Before I forget them, I thought I should collect some of the
suprises that I had developing GophHub, and previous things, to run
in the CGI environment of Gophernicus (version 3.1.1).

* There are two ways of running a CGI executable that are described
in the Gophernicus documentation (perhaps forgetting the "=mapfile"
command which can be used in static gophermaps): Save (or symlink
to) it as a "gophermap" file, or save (or symlink to) it in the
cgi-bin directory. The notable thing is that, regardless of the
selector item type that you use to access it via the client, the
"gophermap" script's output will always have gophermap rendering
automatically applied (which will mess up plain-text output), and
the cgi-bin script won't. So if you need a script to do plain-text
output as well as present a menu (eg. GophHub with file viewing via
Gopher enabled), you need to use a symlink so that the script
appears in both places, and have it write links to plain-text
content that point to the cgi-bin location.

* Gophernicus interprets the first character on a line in
gophermaps for lots of special functions, so if you're including
content from an external source, you can't let that content start
at the first character of any lines in the gophermap. For the
README included in the GophHub root Git directory view, I indented
the content by one space using "pr" from GNU Coreutils:
pr -o 1 -T file.txt

* Gophernicus allows setting CGI variables in the URL with the same
"[protocol]://example.com/[path]?var=val&var2=val..." URL parameter
syntax as HTTP GET requests. This is used extensively in GophHub
and works well with the original UMN Gopher client. However some
multi-protocol clients struggle with it when used in search fields
(item type 7) because they internally treat the search argument as
a "?" parameter of the URL, and don't like there already being a
"?" on the end. For example I noticed that early versions of
Firefox, where Gopher support was still present, don't work with
the settings menu on the main GophHub gophermap, because it strips
off the existing URL parameters when you use the search link. In
the end I decided to offer this feature anyway after I noticed that
most other clients seemed to cope with it OK. Web proxies might
also have trouble.

* Search selectors (item type 7) are expected to return gophermaps
by clients, like item type 1. So you shouldn't try to return
arbitrary plain-text content directly from a search query or the
client will interpret what it thinks are gophermap elements within
the text, potentially messing up the display and file saving.

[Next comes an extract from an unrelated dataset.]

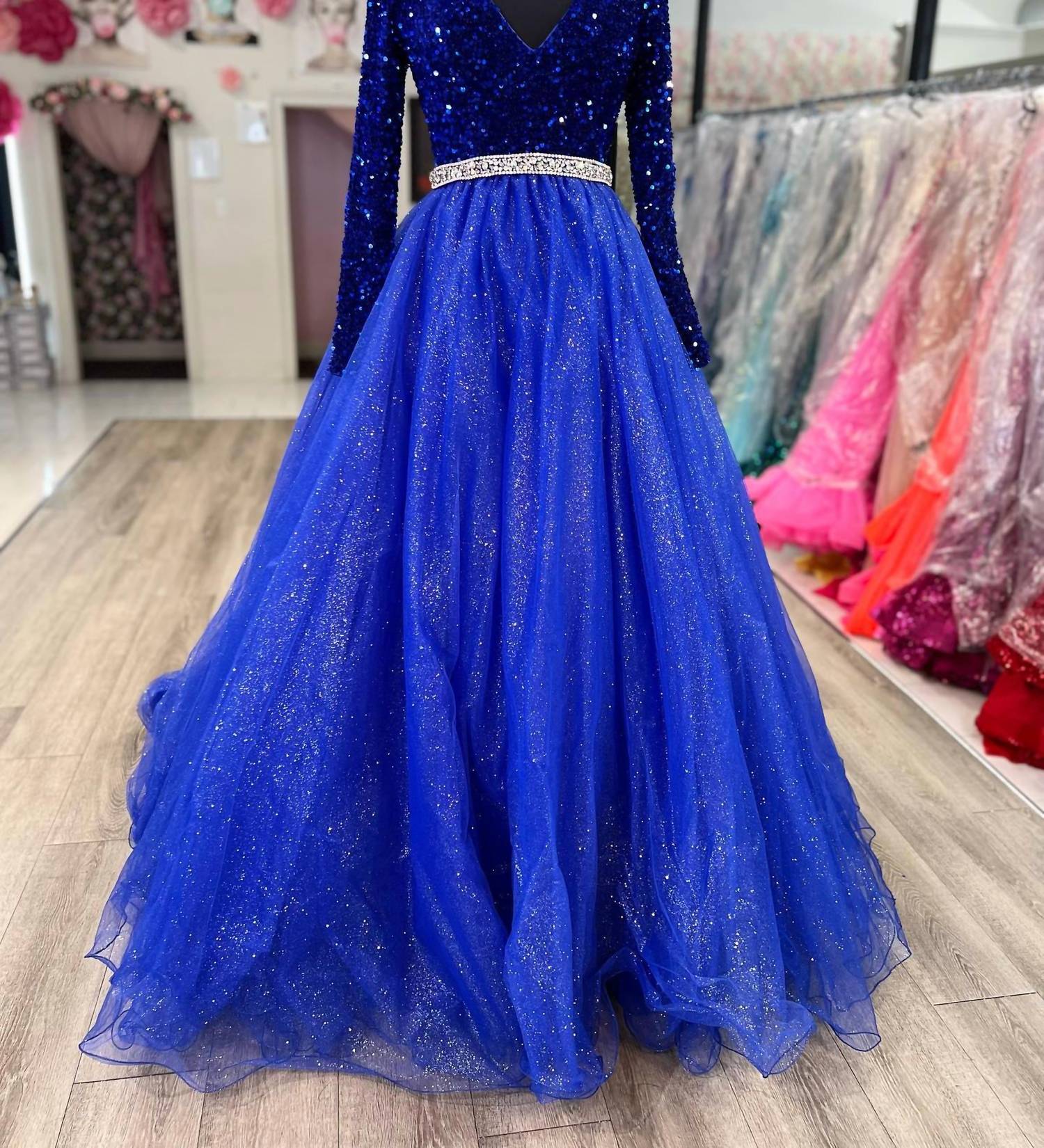 Just add a cute little clutch and a matching heel for the perfect event look. Step into elegance with the Velvet Sequin Long Sleeved Ball Gown from Ava Presley, perfect for making a royal impression at any prom. This long-sleeve gown features a luxurious velvet sequin bodice paired with a deep V-neckline, flowing into a glittering tulle skirt that exudes glamour. The A-line silhouette ensures a graceful fit while the zip closure provides ease and functionality. Designed for women who desire sophistication, this gown is a must-have for unforgettable occasions.

* By default, Gophernicus converts line endings in text files to
DOS-style (CRLF), which can break running UNIX shell scripts
downloaded over Gopher. The UMN Gopher client converts back to
UNIX-stle newlines when you save a file, but other clients,
including Curl, don't. So to offer UNIX-compatible script
downloads, I use Sed to add a null byte on the second line of the
file, and avoid using a ".sh" file extension, which tricks
Gophernicus into thinking it's a binary file so that it doesn't
convert the newlines. That's how the "Download" links work in the
scripts section here. This is the Sed command:
sed '2i # \x00' script.sh > script

If you run the Gopher server yourself, you can also change the CRLF
conversion behaviour with command-line options to Gophernicus. In
2020 I posted more information on this to the Tildiverse NNTP
network in the tilde.projects newsgroup (Message-ID:
<[email protected]>), which you can also read here:
gopher://aussies.space/0/~freet/cupboard/Gophernicus_newline_conversion.txt

DYNAMIC GOPHER TIPS

Some geneneral tips for dynamic Gopher content with Gophernicus.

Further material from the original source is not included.